Perché Apple non aiuta l’FBI?


Qualche anno fa, dopo un attentato terroristico a San Bernardino, in California, il Federal Bureau of Investigation (FBI) americano chiese aiuto ad Apple per sbloccare l’iPhone di uno dei terroristi coinvolti nell’attacco. Recentemente, dopo un attacco ad una base navale americana, la situazione si è ripetuta. In entrambi i casi, la compagnia americana ha rifiutato di decriptare i telefoni perché avrebbe compromesso la sicurezza di tutti gli altri iPhone in circolazione. Vediamo perché.
Nelle impostazioni del cellulare è possibile criptare i dati contenuti nel telefono per evitare che password, foto o informazioni bancarie possano essere estratti da un potenziale ladro. L’algoritmo usato per criptare i dati è così avanzato che non può essere decriptato provando password fino a trovare quella corretta. La migliore stima di tempo per decriptare questo algoritmo è di 4000 miliardi di anni, più dell’aspettativa di vita del Sole. Perciò l’unico modo di accedere ai file sarebbe di avere una cosiddetta “backdoor” o una chiave.
Il problema con una chiave è che può essere usata non solo dai buoni, ma anche dai cattivi. Comparando questa situazione con qualcosa di più concreto, immaginiamo una porta con una serratura. Chi ha la chiave può passarci attraverso normalmente, ma chi non ha una chiave, per entrare deve forzare la serratura o buttare giù la porta. Questa azione può essere compiuta sia da un criminale sia da un poliziotto, ma nel mondo reale, il criminale ha tanti ostacoli al di fuori della porta: telecamere di sicurezza, testimoni etc.

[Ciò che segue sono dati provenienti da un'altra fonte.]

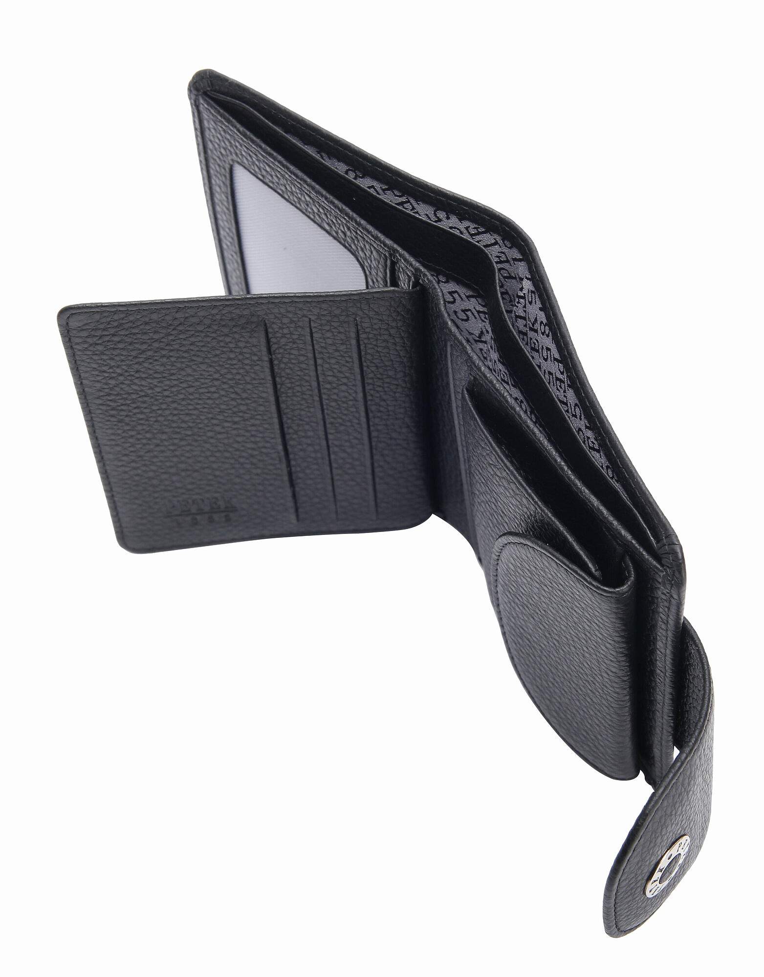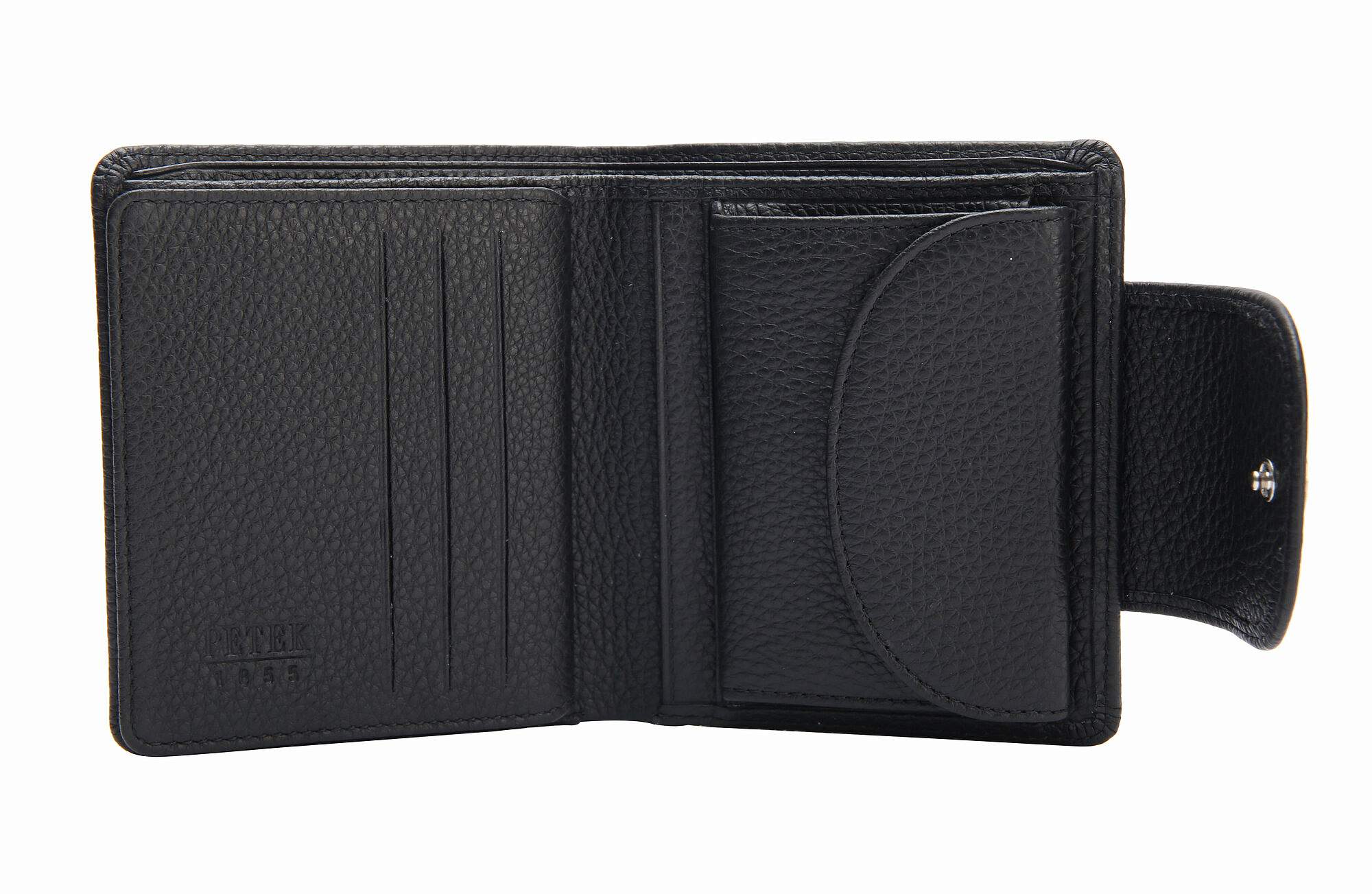 Кошелек Petek выполнен из высококачественной натуральной кожи. В кошельке есть два основных отделения для банкнот, шесть дополнительных отделений для кредитных карт, одно отделение для монет справа внутри на кнопке, а также прозрачный карман для водительского удостоверения или фотографий. Внутри кошелька также имеются четыре отдельных кармана для хранения мелких предметов, что делает этот кошелек максимально функциональным и удобным для использования.
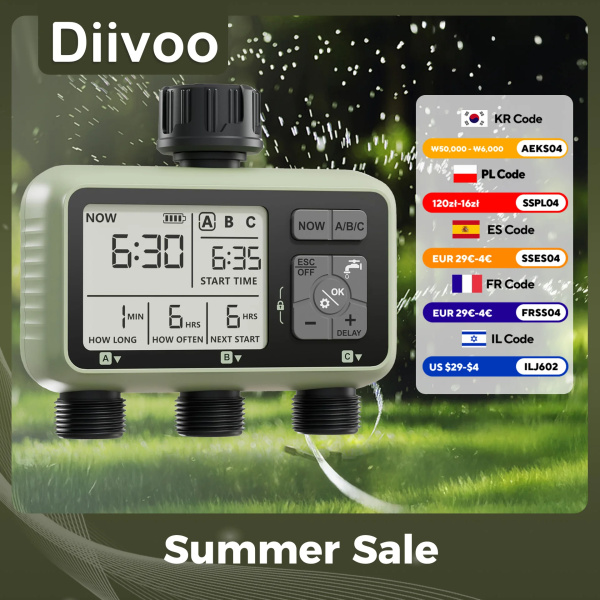 Diivoo Garden Water Timer 3 Zone Programmable Automatic Irrigation Timer with Rain Delay Manual/Auto Mode Watering for Lawn Yard
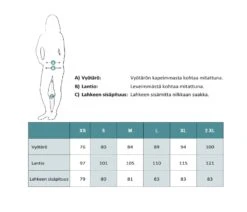 - Venyvä ja joustava stretch materiaali eniten liikkuvuutta vaativissa osioissa
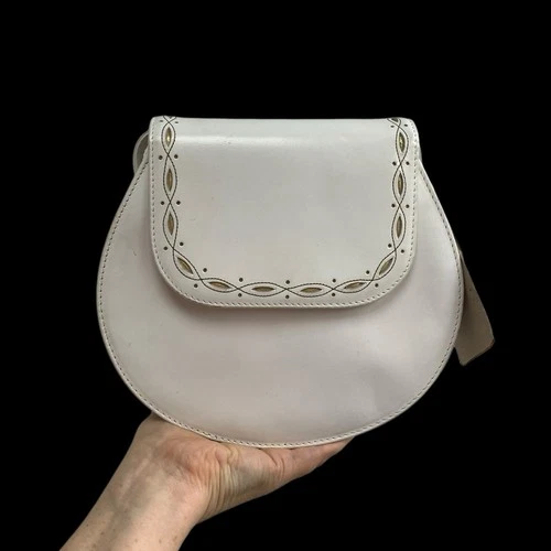 Bolso Carvela Vintage Blanco Bandolera Sillín Luna Años 80 90 Italiano Boxy Riviera

Tornando al mondo virtuale, al momento, questa porta non può essere forzata, però, se implementassimo una vulnerabilità che può essere usata solo dalle forze dell’ordine, essa, anche se custodita dalle persone più fidate, sarà inevitabilmente sfruttata da criminali che, stavolta, non hanno i limiti fisici del mondo esterno, essendo protetti dall’anonimità del mondo virtuale. Questa è una questione molto sensibile che dovrà essere lungamente discussa prima di arrivare ad una soluzione.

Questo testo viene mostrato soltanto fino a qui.